DOI: https://doi.org/10.32470/CCN.2019.1430-0
Authors: Taha Morshedzadeh, Neil M. Drummond, Utpal Saha, Robert Chen, Milad Lankarany, Krembil Brain Institute, Canada
Abstract: Deep Brain Stimulation (DBS) has continuously gained popularity as a symptomatic treatment in diseases such as Parkinson’s Disease (PD), Essential Tremor (ET), and dystonia. To better understand the mechanisms of DBS, intraoperative Local Field Potential (LFP) recordings are acquired from patients during DBS. These recordings are vastly affected by stimulation artifacts (SAs). Despite the recent advancements in digital- and analog-based processing methods in removing SAs, the common approaches tend to reject time or frequency domains. In this paper, we propose a robust computational framework based on adaptive filtering to automatically estimate the artifact induced by each individual DBS pulse and to recover the neural response during the artifact. An estimate of the common identical artifact is obtained by fitting a B-Spline smoothing function to the average of all recordings followed by DBS pulse.
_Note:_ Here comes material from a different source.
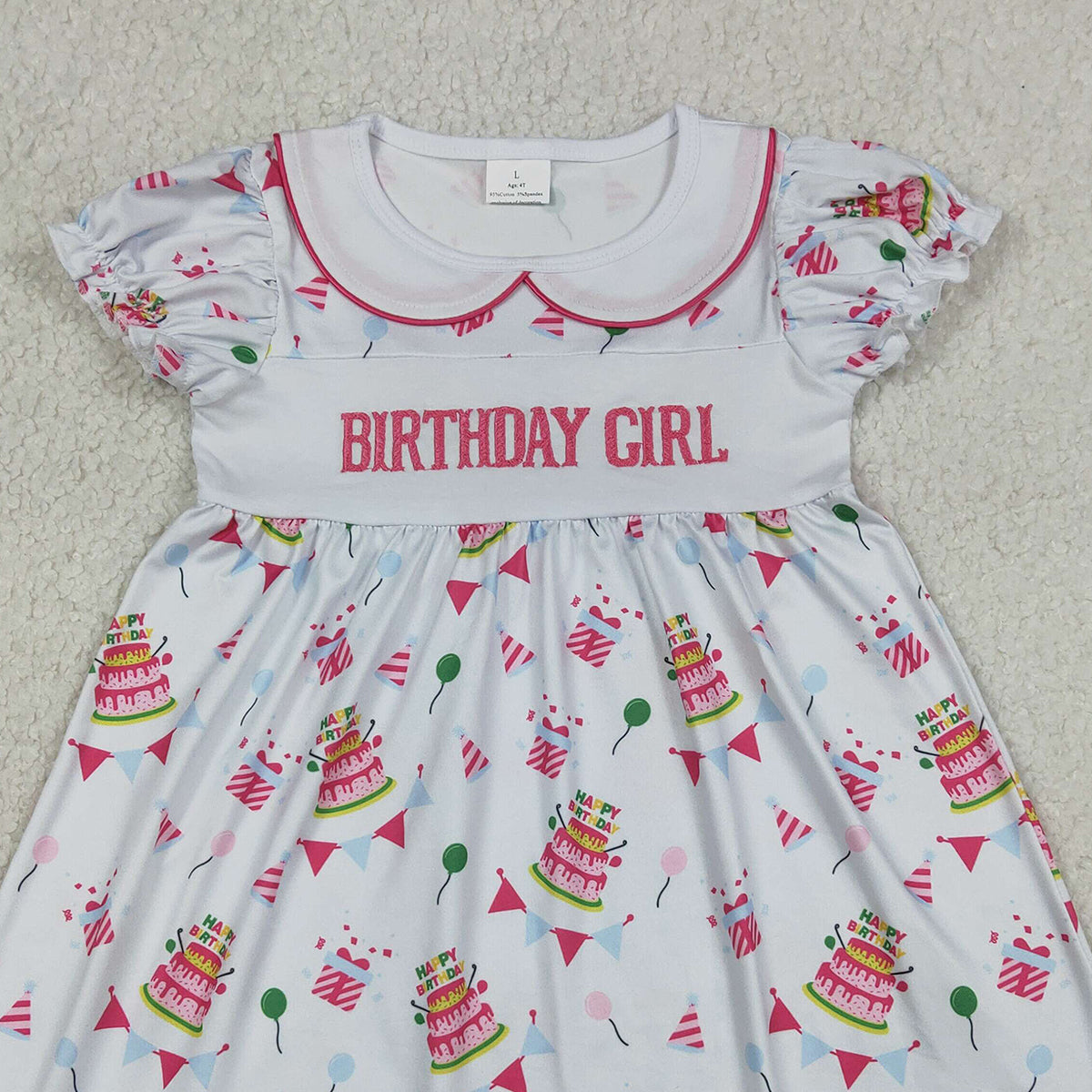 RTS GSD2854 Embroidery Birthday Girl Gifts Balloons Collar Knee Length Dresses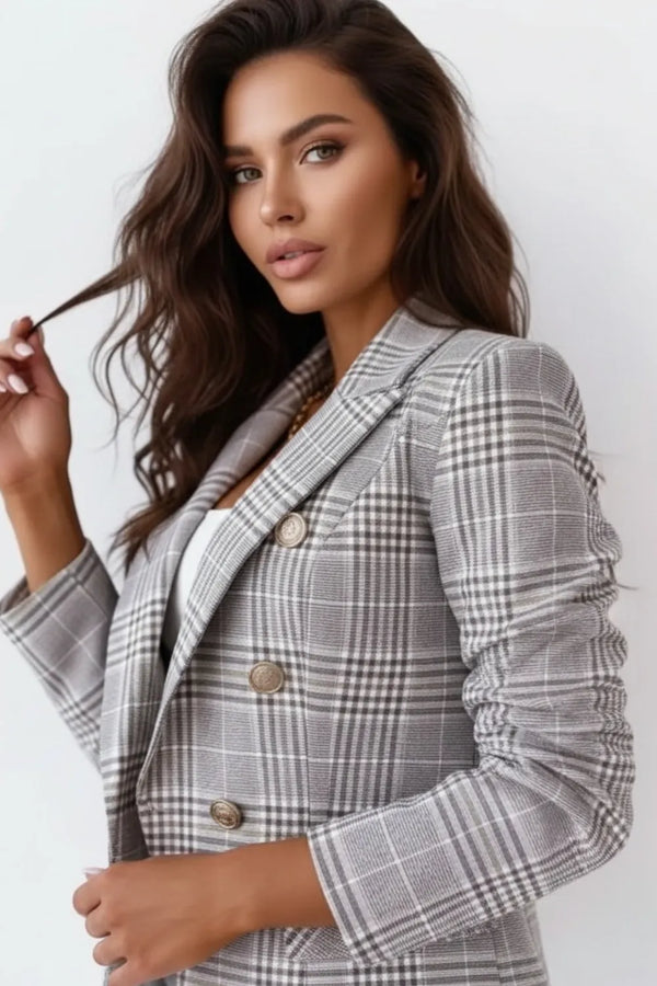 Damen Herbst Top Lose Langarm Plaid Blazer

The common artifact, for each individual pulse, is then fed to a Normalized Least Mean Square (NLMS) adaptive filter whose error is equal to the difference between the recorded data and the recovered neural response. This framework is then confirmed using the LFP recorded from patients with PD at the level of the Subthalamic Nucleus (STN). The artifact is visibly and quantifiably diminished after ~ 1.5 msec after the onset of DBS pulse. This will allow researchers to peek further into the mechanism of action and health effects of DBS.